In this paper, we analyze the capacity of super-resolution of one-dimensional positive sources. In particular, we consider the same setting as in [arXiv:1904.09186v2 [math.NA]] and generalize the results there to the case of super-resolving positive sources. To be more specific, we consider resolving $d$ positive point sources with $p \leqslant d$ nodes closely spaced and forming a cluster, while the rest of the nodes are well separated.
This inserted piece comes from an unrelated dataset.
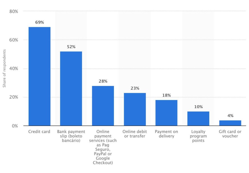 如果我们做的是某一个特定的市场,我们就要首先通过各种渠道了解目标市场用户常用的支付方式,然后对应的选择我们需要给网站添加的支付渠道。例如我们只做巴西市场,仅仅开通PayPal肯定是不行的,因为根据第三方调查公司的预测,2023年巴西47%的用户使用信用卡支付,只有约16%的用户会使用电子钱包(Digital wallet),PayPal 只是这16%电子钱包中最受欢迎的一种。

Similarly to [arXiv:1904.09186v2 [math.NA]], our results show that when the noise level $\epsilon \lesssim \mathrm{SRF}^{-2 p+1}$, where $\mathrm{SRF}=(\Omega \Delta)^{-1}$ with $\Omega$ being the cutoff frequency and $\Delta$ the minimal separation between the nodes, the minimax error rate for reconstructing the cluster nodes is of order $\frac{1}{\Omega} \mathrm{SRF}^{2 p-2} \epsilon$, while for recovering the corresponding amplitudes $\left\{a_j\right\}$ the rate is of order $\mathrm{SRF}^{2 p-1} \epsilon$. For the non-cluster nodes, the corresponding minimax rates for the recovery of nodes and amplitudes are of order $\frac{\epsilon}{\Omega}$ and $\epsilon$, respectively. Our numerical experiments show that the Matrix Pencil method achieves the above optimal bounds when resolving the positive sources.